Proximity-Labeling MS (APEX-MS)
Für diesen Ansatz wird das Protein von Interesse an eine Peroxidase (Ascorbinsäure-Peroxidase; APEX) fusioniert. Bei der Behandlung mit H2O2 wandelt APEX exogen zugeführtes Biotin-Phenol in Biotin-Phenoxyl-Radikale um, was zu einer kovalenten Markierung des Proteins in einem Radius von 20nm führt. Anschließend werden die biotinylierten Proteine mit Steptavidin angereichert. Mit dieser Technologie können zum ersten Mal „Schnappschüsse“ der lokalen Proteinumgebungen zu einem bestimmten Zeitpunkt gemacht und vorübergehende Proteininteraktionen erfasst werden. Näherungsbasierte Markierungsansätze haben sich in den letzten Jahren rasch weiterentwickelt und liefern nachweislich ergänzende Ergebnisse zu herkömmlichen affinitätsbasierten Reinigungsmethoden (AP-MS), so dass sie das Potenzial haben, völlig neue Forschungswege zu eröffnen und neue Einblicke in Proteinfunktionen zu ermöglichen.

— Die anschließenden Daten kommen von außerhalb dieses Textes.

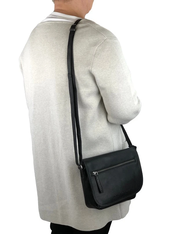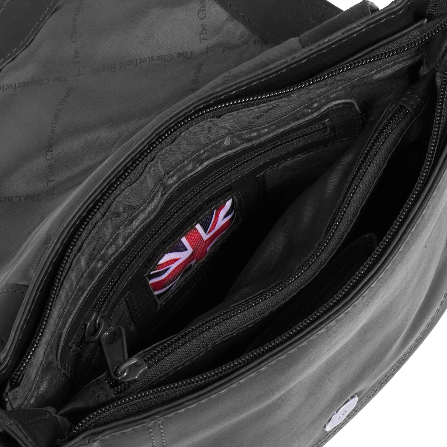 Näppärän kokoinen olkalaukku jonka sisätilat on jaettu keskeltä kahteen osaan. Keskellä ja toisella laidalla on vetoketjutasku ja lisäksi laukussa on kännykkätasku. Laukussa on nepparilla suljettava läppä ja sen alla vielä vetoketjukiinnitys. Ulkopuolella on molemmin puolin vetoketjutaskut. Laukussa on pitkä säädettävä hihna.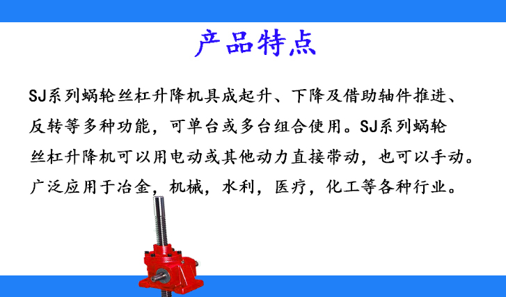 SJ系列蝸輪絲杠升降機(jī)具成起升、下降及借助軸件推進(jìn)、反轉(zhuǎn)等多種功能,可單臺(tái)或多臺(tái)組合使用。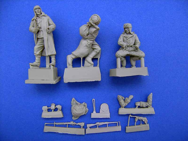 Die Figur, bestehend aus dem Körper mit bereits angegossenen Beinen und Kopf, ist qualitativ als sehr hochwertig zu bezeichnen. Die Arme liegen lose bei, die rechte Hand ist bereits an das Griffstück der Kalashnikov angegossen. Das sorgt für einen perfekten Sitz der Waffe in der Hand.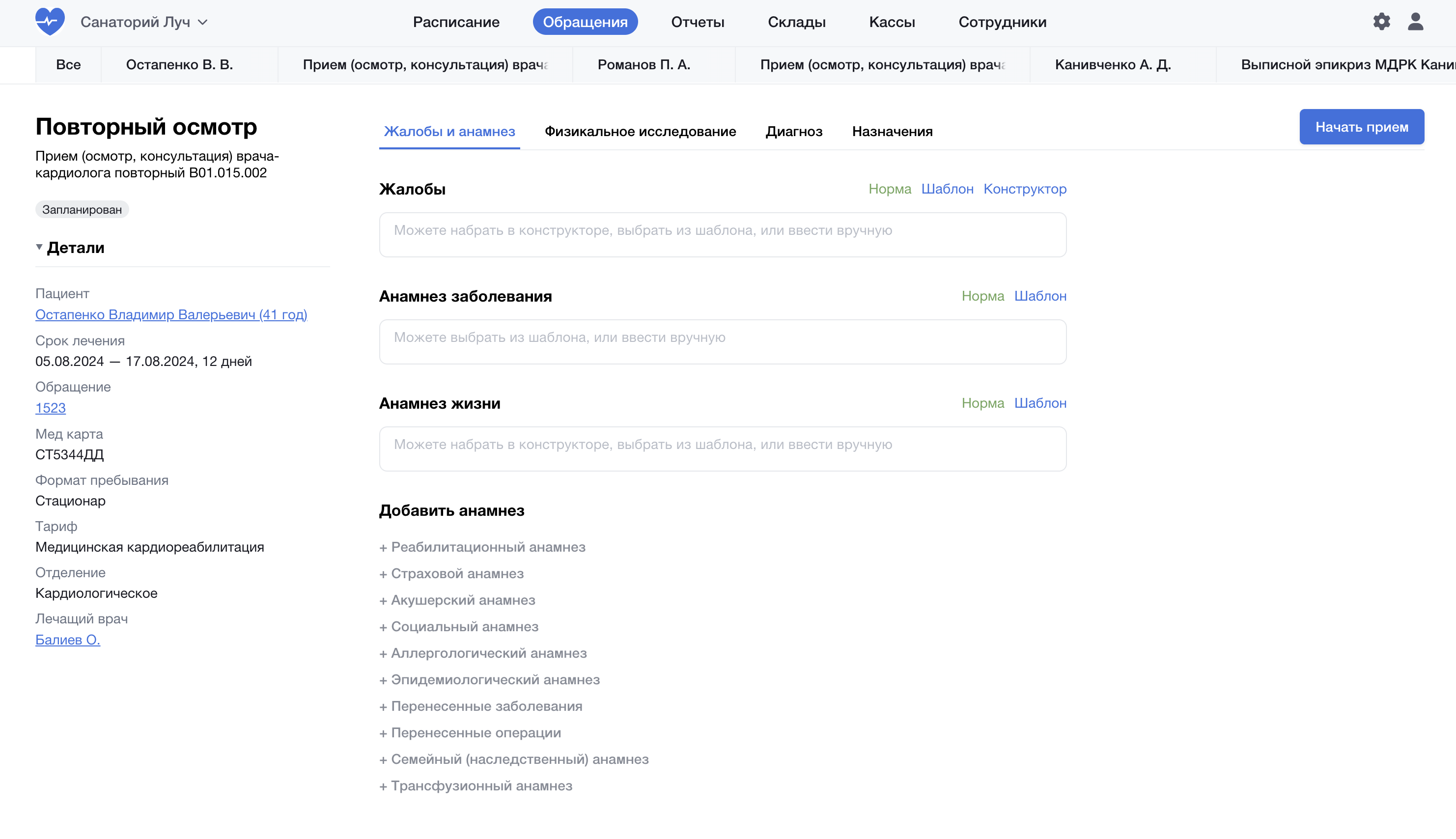 При нажатии на кнопку “Начать прием”, расположенную в правом верхнем углу экрана, ранее заполненные данные в первичном протоколе осмотра или в предшествующем, заполняемому протоколу осмотра заполнятся. При необходимости откорректируйте заполненные данные.

APEX wurde verwendet, um ganze Organellenproteome mit hoher zeitlicher Auflösung zu erfassen, aber es wird allgemein angenommen, dass die Breite der Markierung eine höhere räumliche Auflösung verhindert, die für die Untersuchung spezifischer Proteinnetzwerke erforderlich ist. Wir haben kürzlich eine Lösung für dieses Problem gefunden, indem wir die quantitative Proteomik mit einem System räumlicher Referenzen kombiniert haben. Mit dieser neuartigen Methode können wir sowohl bekannte Bindungspartner als auch bisher nicht identifizierte Netzwerkkomponenten auflösen, wie kürzlich in einer Proof-of-Principle-Studie gezeigt wurde, in der Proteine untersucht wurden, die von G-Protein-gekoppelten Rezeptoren bei ihrer dynamischen Signalgebung und ihrem Verkehr als Reaktion auf eine Liganden-induzierte Aktivierung beteiligt sind.